Ромашов, вернувшись домой, чувствовал усталость и пустоту. Он лег на кровать, но мысли не давали покоя: внутри было гнетущее ощущение бессмысленности и скуки. Чтобы отвлечься, он позвал денщика Гайнана. Тот, по своему обыкновению, отвечал строевым криком, хотя отношения между ними давно сложились доверительные и даже дружеские.

Молодой офицер, глядя на нищенскую убогость своей обстановки, вспоминал, с каким восторгом год назад, выйдя из училища, покупал эти вещи, строил планы самообразования и жизни, подписывался на книги и журналы. Теперь же все это оказалось заброшено: газеты лежали нераспечатанными, книги пылились на полке, а сам он тратил дни на попойки, карточную игру и беспутную связь с Раисой Петерсон, женой сослуживца.

Неожиданно Гайнан принес письмо от Раисы.
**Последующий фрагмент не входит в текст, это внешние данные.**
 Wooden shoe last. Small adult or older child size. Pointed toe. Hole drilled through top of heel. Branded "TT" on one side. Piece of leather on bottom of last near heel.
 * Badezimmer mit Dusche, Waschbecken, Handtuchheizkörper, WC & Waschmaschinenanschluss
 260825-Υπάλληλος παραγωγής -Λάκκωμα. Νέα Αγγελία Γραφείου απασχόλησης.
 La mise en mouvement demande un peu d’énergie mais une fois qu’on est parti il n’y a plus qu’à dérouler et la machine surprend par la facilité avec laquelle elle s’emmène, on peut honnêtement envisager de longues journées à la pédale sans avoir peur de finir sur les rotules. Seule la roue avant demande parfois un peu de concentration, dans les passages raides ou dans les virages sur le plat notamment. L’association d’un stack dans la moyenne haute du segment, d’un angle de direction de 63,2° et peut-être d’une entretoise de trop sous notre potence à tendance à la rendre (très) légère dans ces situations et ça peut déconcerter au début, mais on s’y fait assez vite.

Оно было написано в излишне ласковом и пошло-изнеженном тоне, пахло духами, обещало встречи и грозило морфием в случае измены. Чтение вызвало в Ромашове резкое отвращение: с исступлением он разорвал письмо и с презрением отметил про себя свою привычку картинно воспринимать самого себя со стороны.
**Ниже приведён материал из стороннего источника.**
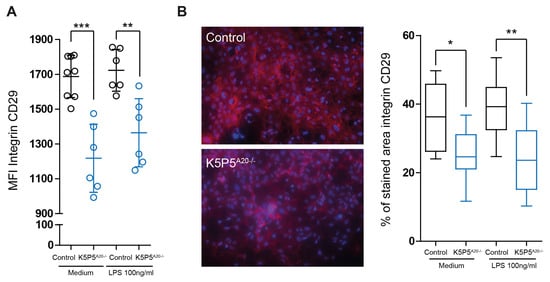 3.5. A20-Knockout K5P5A20−/− Podocytes Are More Susceptible to Cytoskeleton Rearrangements and Show a Reduction in Integrin b1 Expression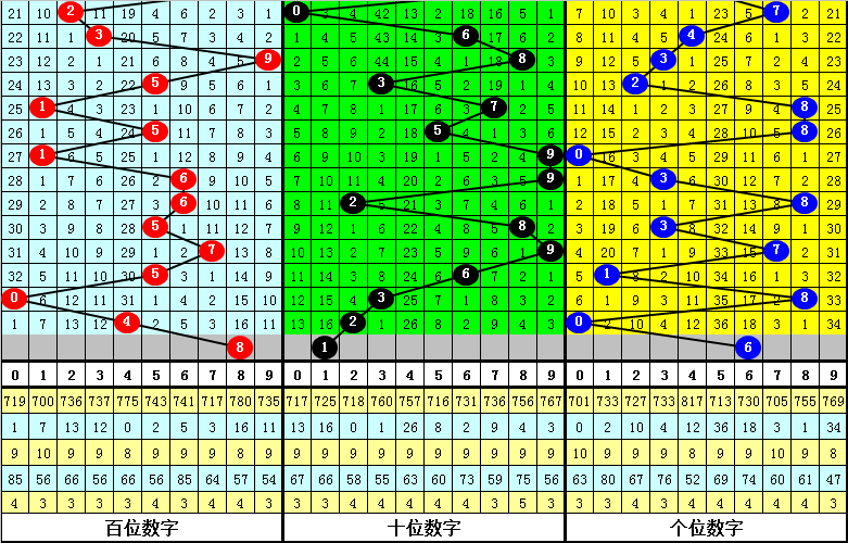 另外,在组选0-9的号码分布中,号码2表现最冷,开出6次;号码4走势最热,开出了23次。本期防号码组24全部轮空。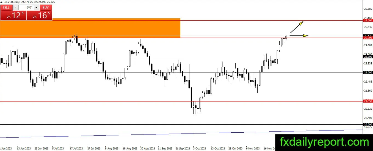 白银价格连续两天收于25.00美元关口附近。今天看涨走势仍在继续,价格目前升至25.00美元上方。涨幅可能会继续直接升至26.00美元大关。如前所述,收盘价高于26.00美元将确认长期看涨趋势。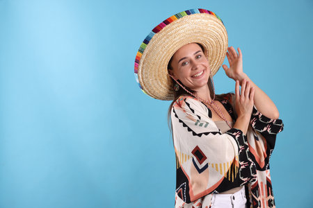 Beautiful Mexican woman smiling wearing Mexican Hat in the traditional dress

После этого он окончательно решил идти к Николаевым — в дом, который притягивал его в последние месяцы своей чистотой, уютом, женской красотой и легкой кокетливой атмосферой. Хотя всякий раз, уходя оттуда, он клялся больше не приходить, вновь и вновь слабость вела его туда.
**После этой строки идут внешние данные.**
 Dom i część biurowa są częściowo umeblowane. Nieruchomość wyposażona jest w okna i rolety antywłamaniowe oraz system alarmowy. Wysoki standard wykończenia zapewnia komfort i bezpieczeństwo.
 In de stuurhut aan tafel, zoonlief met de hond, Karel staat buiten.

Собираясь, он велел денщику готовить сюртук, умылся, надушил платок, но перед выходом произошла еще одна трогательная деталь: Гайнан попросил у него на память «белого господина» — уродливый, забытый бюст Пушкина, который Ромашов приказал недавно выбросить. Черемис смущенно танцевал и улыбался, прося подарок, и Ромашов с доброй усмешкой отдал ненужную вещь, объяснив, кто изображен на бюсте. Гайнан перепутал имя, назвав «Бесиевым», – это рассмешило хозяина, и он отпустил денщика с дружеским хлопком по плечу.

Взяв на себя привычную слабую клятву пойти к Николаевым «в последний раз», Ромашов с облегчением и радостным волнением вышел из дома.

В гостях у Николаевых: тоска и очарование Шурочки

Ночью Ромашов отправился к Николаевым, пробираясь через липкую весеннюю грязь и с минутной слабостью остановившись у их окна: сквозь занавеску он увидел Александру Петровну, спокойную и занятых рукоделием. Набравшись решимости, он вошел в дом, где его тепло встретила хозяйка, а ее муж, занятый подготовкой к экзаменам в академию, лишь рассеянно поздоровался.

Шурочка, живая и энергичная, вела с ним легкий разговор, шутливо учила мужа, а потом с гордостью рассказывала о своей системе занятий и своей мечте покинуть глухой гарнизонный угол. Она страстно хотела «света, общества, блестящей карьеры» через успех мужа и рвала в себе желание пробиться из «мещанского благополучия». В эти минуты в ее словах звучали и кокетство, и упорное стремление во что бы то ни стало подняться выше.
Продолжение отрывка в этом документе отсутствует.